Квартал художников располагался на Глинянке. Во всяком случае, та его часть, которая интересовала Шонека. Впервые мальчишка забрёл туда несколько лун назад, за бумагой для рисования; зашёл – и застыл, не зная, какой из сотен сортов бумаги выбрать. До того у внука нищего монаха никогда не было достаточно денег, чтобы покупать какую-то другую бумагу, кроме дешёвой лыковой, в которую и рыбу заворачивают, и долговые расписки на которой пишут. А тут, в наглухо законопаченной, душной и пахнущей книжной пылью лавке можно было заблудиться между полками.

– Доброго дня… Тебе чего? – спросил мальчишка-подмастерье, выглядывая из-за шкафа в глубине лавки. Подмастерью было не больше лет, чем Шонеку, и он не так давно приехал из одной из северных провинций, судя по выговору.

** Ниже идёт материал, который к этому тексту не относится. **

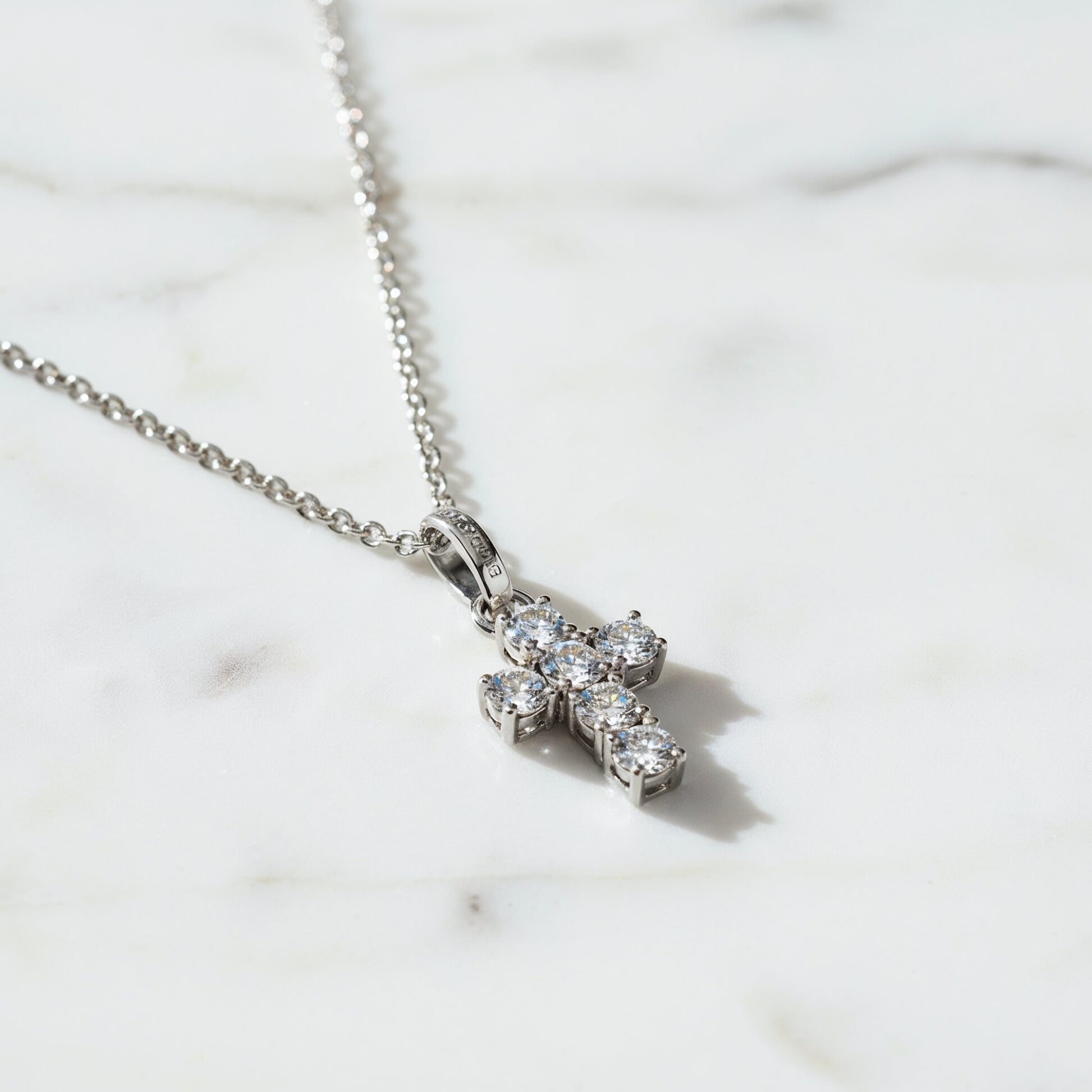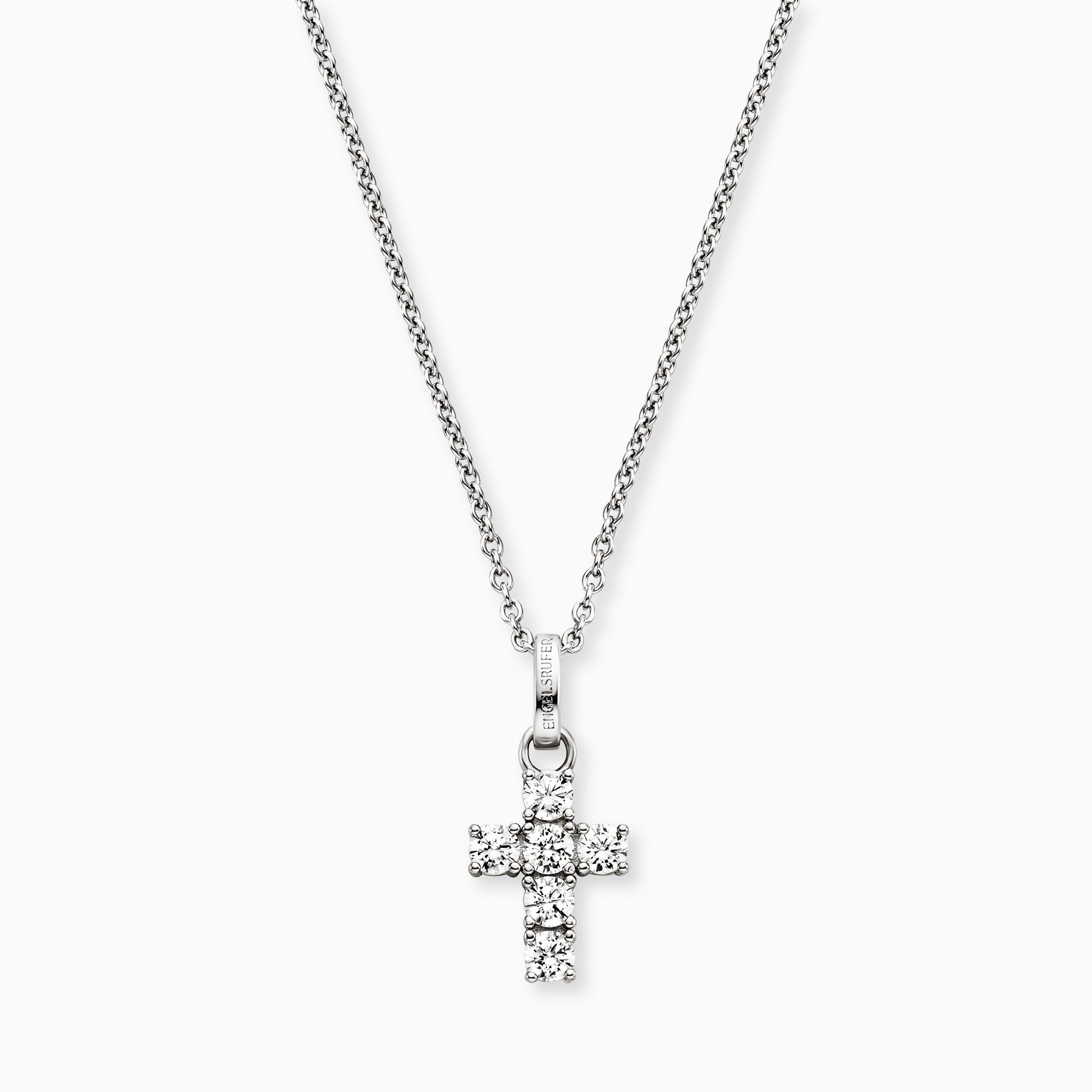 Dein Schutzengel für die Ewigkeit - diese Kette mit Anhänger in Kreuzform bietet die optimale Grundlage für individuelle Gestaltungsmöglichkeiten. Das Kreuz verbreitet Reinheit und bezaubert mit seiner positiven Wirkung. Das Schmuckstück überzeugt dabei durch die Vielzahl an kleinen Details und ist ideal mit weiteren Schmuckstücken kombinierbar. Ein besonderes Highlight sind die edel schimmernden synthetischen Zirkonia Steine. Denn was könnte femininer sein als strahlend schöne Kristalle umgeben von klassischem Silber. Das zeitlose Schmuckstück wird mit einem Karabinerhaken verschlossen und ist in drei Längen verstellbar.

– Мне это… Бумага нужна… – тихо сказал Шонек, зачарованно любуясь напольной бронзовой вазой с эмалевым узором. Казалось, что зелёная и жёлтая эмаль не нанесена на старый металл художником, а сама проступила сквозь поверхность.

– Писчая? Обёрточная? Для ширмы? – деловито спрашивал мальчишка, подойдя ближе. Пальцы у него были длинные и тонкие, с цветными пятнами и въевшимися в ногти чернилами.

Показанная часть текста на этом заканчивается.